Department of Quantitative and Computational Biology, University of Southern California, Los Angeles, CA 90089, USA.
Bioinformatics. 2022 May 26;38(11):2973-2979. doi: 10.1093/bioinformatics/btac295.
Metagenomic binning aims to retrieve microbial genomes directly from ecosystems by clustering metagenomic contigs assembled from short reads into draft genomic bins. Traditional shotgun-based binning methods depend on the contigs' composition and abundance profiles and are impaired by the paucity of enough samples to construct reliable co-abundance profiles. When applied to a single sample, shotgun-based binning methods struggle to distinguish closely related species only using composition information. As an alternative binning approach, Hi-C-based binning employs metagenomic Hi-C technique to measure the proximity contacts between metagenomic fragments. However, spurious inter-species Hi-C contacts inevitably generated by incorrect ligations of DNA fragments between species link the contigs from varying genomes, weakening the purity of final draft genomic bins. Therefore, it is imperative to develop a binning pipeline to overcome the shortcomings of both types of binning methods on a single sample.
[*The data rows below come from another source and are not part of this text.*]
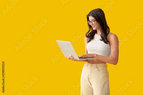 Beautiful young happy woman working with laptop on yellow background
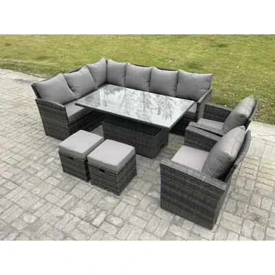 General description This deluxe rattan rising sofa dining set is an excellent addition to your patio or garden. It is made of high-quality PE rattan and features a durable galvanized steel construction, ensuring sturdiness and longevity. This set can be left outdoors all year round, making it a practical choice for outdoor living. Technical specifications 2 x Chair Size: 74W x 69D x 79H cm 2 x Small footstools dimension: 40L x 40W x 34H cm (Fully Assembled) 1 x 3 Seater sofa with double armrest: 162L x 67W x 79H cm (Fully Assembled) 1 x 3 Seater sofa with single armrest: 157L x 67W x 79H cm (Semi-Assembled) 1 x Rising dining table: 140L x 80W x 68/48H cm (height adjustable from 68 cm to 48 cm) Material: Dark grey mixed rattan with dark grey fabric 8 cm thick seat cushion with soft pillow back cushion for added comfort 5 mm thickness clear tempered glass with suckers on the surface to prevent sliding Installation Items come flat packed; self-assembly is necessary. Sturdy galvanized
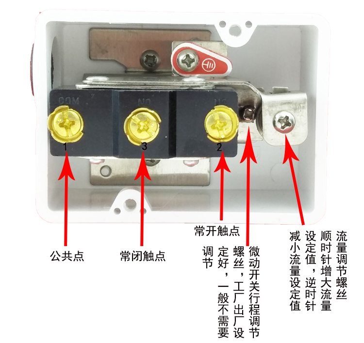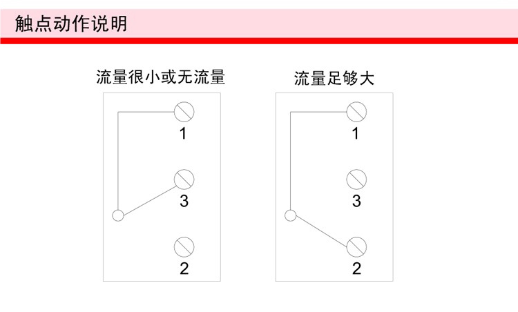 安装挡板式流量开关时需要注意管道中的水流方向一定要和流量开关接线盒上的箭头方向一致,否则水流开关无法工作。

We develop HiFine, a novel binning pipeline to refine the binning results of metagenomic contigs by integrating both Hi-C-based and shotgun-based binning tools. HiFine designs a strategy of fragmentation for the original bin sets derived from the Hi-C-based and shotgun-based binning methods, which considerably increases the purity of initial bins, followed by merging fragmented bins and recruiting unbinned contigs. We demonstrate that HiFine significantly improves the existing binning results of both types of binning methods and achieves better performance in constructing species genomes on publicly available datasets. To the best of our knowledge, HiFine is the first pipeline to integrate different types of tools for the binning of metagenomic contigs.
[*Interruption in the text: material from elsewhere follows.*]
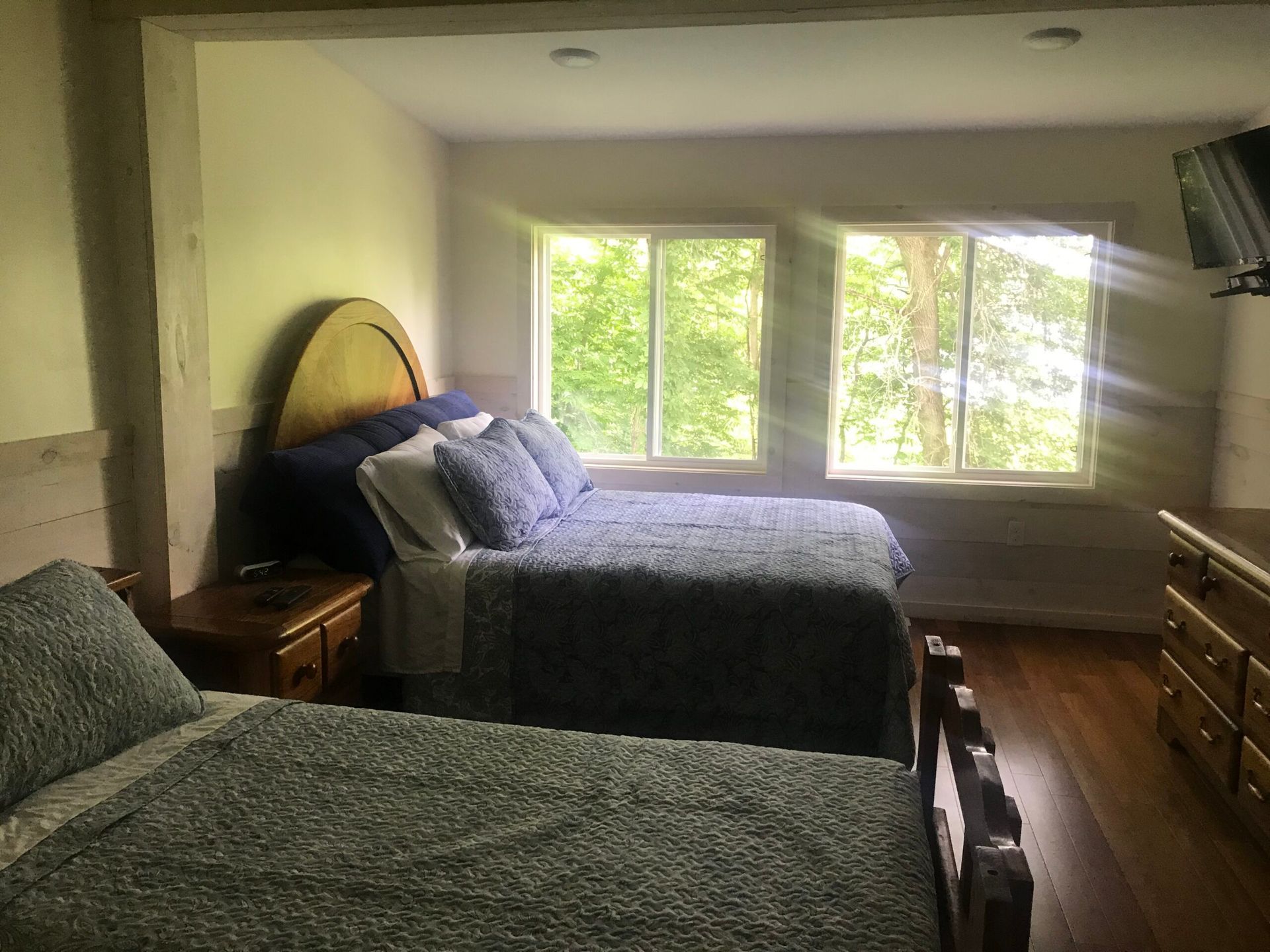New Listing/Newly remodeled and furnished! Enjoy over 400 feet of pristine private lakefront while staying at Bass Cove, a newly remodeled 5 bedroom 5 bathroom home. This ranch style home is appointed with hardwood floors throughout. Guests can relax in 2 living rooms, each with Cable TV. There is a newly painted full kitchen with adjoining dining area. Each bedroom, was planned to accommodate the varying needs of traveling families: There are two master bedroom suites: one with a king and and one with a queen and a twin. Each master suite features an en-suite bathroom, Cable TV and lake views. Additional bedrooms include one with bunk beds and a twin and en-suite bath (bathtub and shower), a bedroom with a queen and Cable TV, with an adjacent bath off the hallway, and a bedroom with a queen, and Cable TV, with an en-suite bath. On the lower level of the house, guests can enjoy a game room with ping-pong and air hockey. Additional household amenities include a laundry room, Central Air-conditioning, and wireless high speed internet access. Bass Cove boasts a variety of outdoor amenities. There is a furnished deck off the second living room with gas grill and seating area. The large yard offers a picnic table for bbq’s. The lakefront is complete with a dock, beach area, campfire pit and picnic table. There are kayaks and life jackets available for boating enjoyment and fishing poles for fishing off the dock. Team parties and pets are allowed. Bass Cove is the perfect choice for families traveling to our area that want to enjoy the activities that the lake has to offer!

HiFine is available at https://github.com/dyxstat/HiFine.
Supplementary data are available at Bioinformatics online.
宏基因组 bin 分法旨在通过将组装自短读长的宏基因组 contigs 聚类为基因组草案 bin 来直接从生态系统中检索微生物基因组。传统的基于 shotgun 的 bin 分法依赖于 contigs 的组成和丰度分布,并且由于缺乏足够的样本构建可靠的共丰度分布而受到影响。当应用于单个样本时,基于 shotgun 的 bin 分法仅使用组成信息难以区分密切相关的物种。作为替代 bin 分法,Hi-C 基于 bin 分法使用宏基因组 Hi-C 技术来测量宏基因组片段之间的接近接触。然而,由于物种间 DNA 片段的不正确连接不可避免地产生了虚假的种间 Hi-C 接触,从而将来自不同基因组的 contigs 联系起来,削弱了最终草案基因组 bin 的纯度。因此,有必要开发一个 bin 分法流程,以克服单个样本中这两种 bin 分法的缺点。
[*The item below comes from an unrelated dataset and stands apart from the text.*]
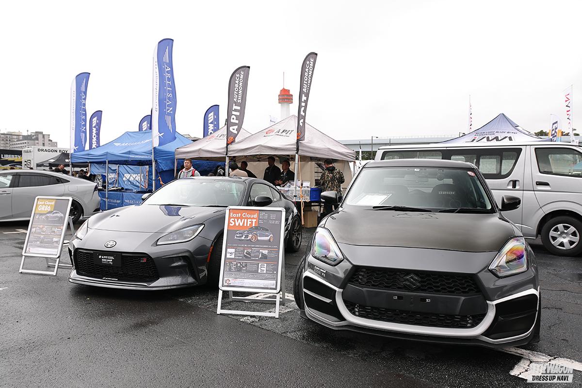 ニュースでご存知の方も多いと思うが、11日は強風のため展示(無料のブース部分)がキャンセルされた(D1と試乗会は開催)。翌日もその影響が危惧されたが、蓋を開けてみると来場者多数! 大勢のクルマ好きが足を運んだのだ。D1(コチラは有料)が併催されていたこともあり、ややスポーツ寄りの展示をするメーカーが多い印象で、アチラ側から流れてくる派手な音、立ち上るスモークは迫力満点。展示エリアでもこの日、本邦初公開のデモカーがあるなど、見どころ満点だったのだ。

我们开发了 HiFine,这是一种新颖的 bin 分法流程,通过整合基于 Hi-C 和 shotgun 的 bin 分法工具来改进宏基因组 contigs 的 bin 分结果。HiFine 为基于 Hi-C 和 shotgun 的 bin 分法获得的原始 bin 集设计了一种碎片化策略,这极大地提高了初始 bin 的纯度,然后合并碎片化 bin 并招募未 bin 的 contigs。我们证明,HiFine 显著改善了这两种 bin 分法的现有 bin 分结果,并在构建公共可用数据集上的物种基因组方面取得了更好的性能。据我们所知,HiFine 是第一个集成不同类型工具用于宏基因组 contigs bin 分的流程。
HiFine 可在 https://github.com/dyxstat/HiFine 上获得。
补充数据可在生物信息学在线获得。